I don’t have time to roll my eyes before there’s a white hot pin prick on my neck, which is replaced just as quickly by a tingling, cooling sensation that feels like the menthol rub you use on your chest when sick. I shiver a bit at the feeling, and then I shiver again as Tanis’s nails — they’re long now, sharpened to a point — skate across my neck and down my skin. 

She leans in, her warm breath making the tingling sensation flare, and her hair tickles against my ear. Then her lips gently connect with my neck in a gesture that’s not unpleasant but so wholly unfamiliar that I almost jerk away from her.

Her tongue darts out to lick at my neck several times, and I try not to make a face. It feels weird and slightly ticklish, and when she places her full mouth on my neck and begins to suck, I feel like shuddering.

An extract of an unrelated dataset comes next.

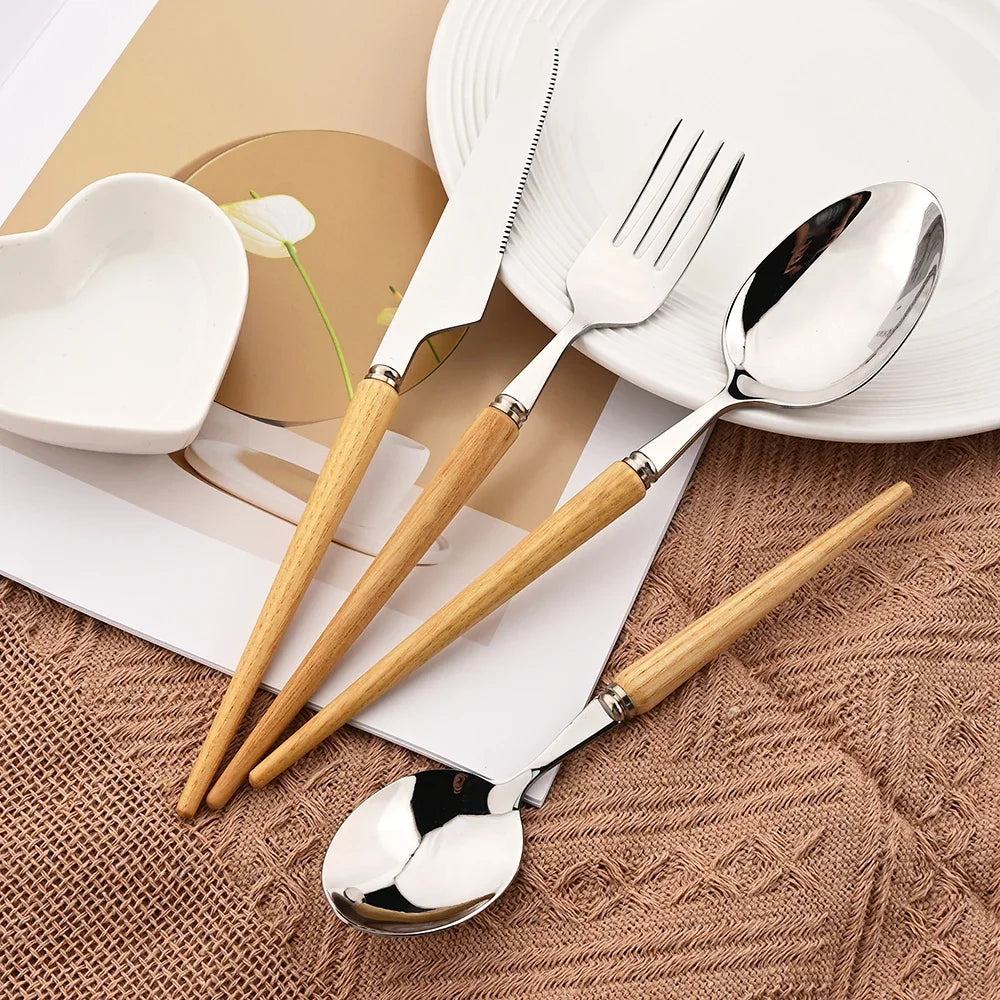 Upgrade your dining table with this elegant and practical wooden handle cutlery set.

I’m on the verge of awkward laughter when she starts gagging.

She pulls away violently, stumbling backwards across the kitchen as she begins to cough, her body heaving for air, her eyes wide and fearful. 

“Tanis?” I ask, standing up to go toward her, but my legs are weak, and my head swims and I stumble.

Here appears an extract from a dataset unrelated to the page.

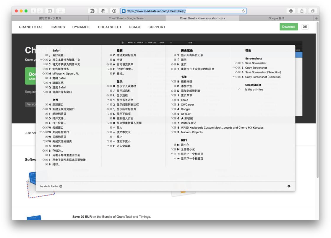 同样的,小明继续用聚焦搜索的方式快速打开了微信、Telegram 等一系列软件来查看工作信息。打开这些 App 之后,突然发现自己并不知道软件自己的快捷键设定,想起原来安装的第一批的软件里有一个叫 CheatSheet 的软件,于是默默的长按住了 Command 一会软件的所有快捷就出来了。
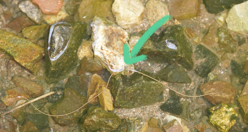 那么,你可以在附近找一找,看水中有没有一条疯狂扭动的“细铁线”,像这样——

“Stay back,” she chokes out before doubling over, grasping at her stomach. She starts dry heaving, her body contracting as she gasps for air and coughs and tries to expel whatever is choking her, and then she vomits blood onto the kitchen floor.

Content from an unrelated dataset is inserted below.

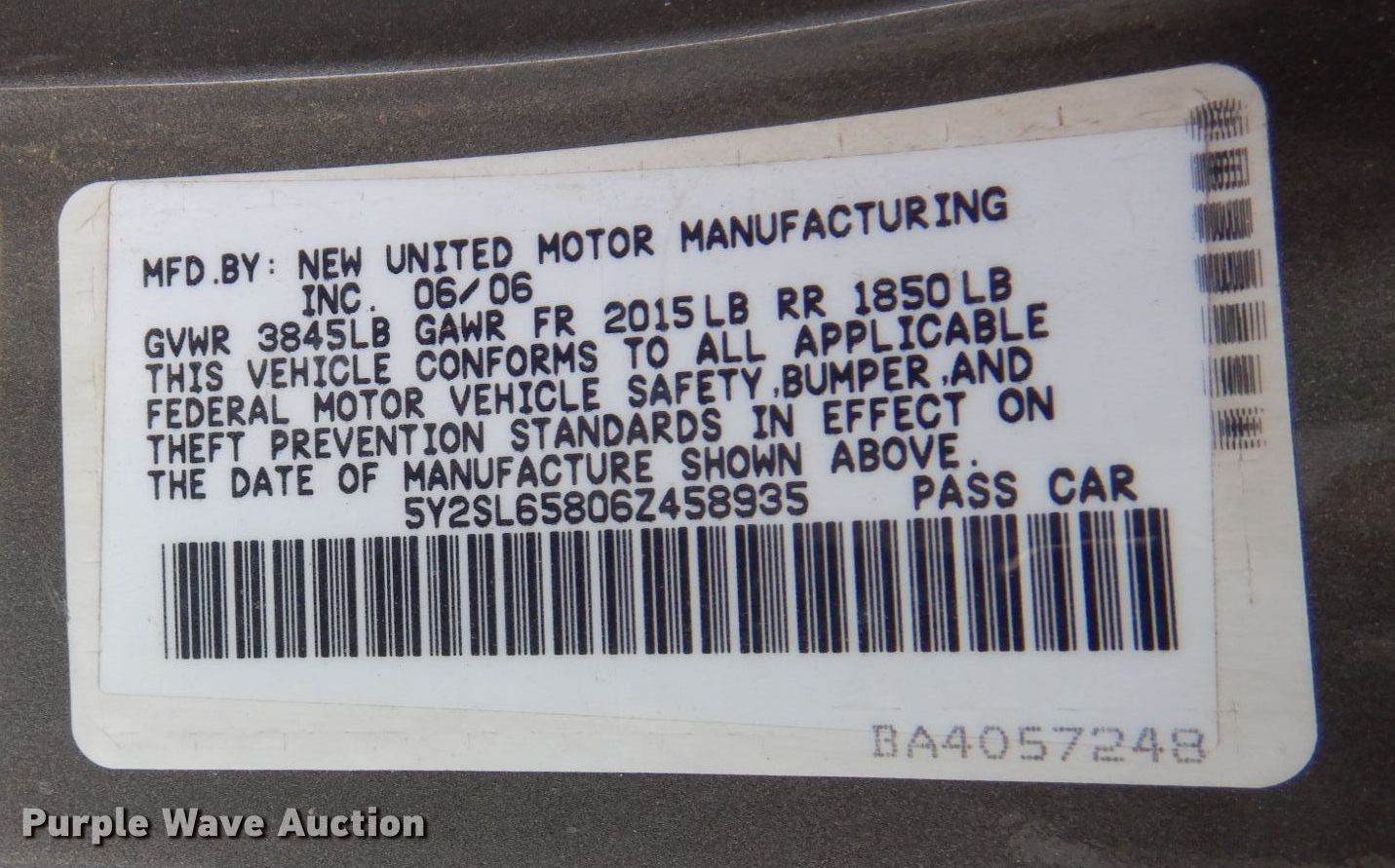 • VIN: 5Y2SL65806Z458935

“Tan?” I move forward again, my hands outstretched. “Tan? What’s wrong?”

“Thomas, don’t—” she says, vomiting again. Hardly anything comes out this time, and she pants, her hands still wrapped around her stomach as she looks up at me. Her hair is hanging limply in her eyes and her body heaves as she pants through the last wave of this sickness.

Her eyes are cold and furious.

“Your blood isn’t human,” she says, spitting onto the floor and dragging the back of her hand across her mouth.

“What?” My heart thuds. “What?”

“You’re full of Seelie blood. It’s poisonous to me,” she snarls, standing up and advancing. The lines between Tanis and the creature I saw in the flicker are beginning to blur, like she’s changing in front of my eyes. But when I blink it doesn’t go away, and then she’s even closer, her long claw-like nails still extended as she reaches for me and wraps them around my throat.

The ghost of Kit’s hands are replaced by the vice-like pressure of Tanis’s.

“What the fuck are you?” she snarls, squeezing my windpipe, and my vision begins to swim. Black spots fill my eyes and I blink, desperately trying to not lose consciousness. But it’s a losing battle.

“Are you sure you want to do this?” Kit asks me. “There has to be another way.”

I’m on the floor of his room. Sitting, not hunched. Not bleeding. I hand him the knife.

“We have to do it while he’s gone, or he’ll notice,” I whisper, our fingers touching. Kit’s hair is short. His face still has a youthful roundness to it, and no stubble. He’s wearing my Talking Heads t-shirt.

“I don’t want to hurt you,” he says, still not taking the knife. 

“I trust you,” I whisper back, rubbing my thumb across his knuckle. “It’s just a little blood.”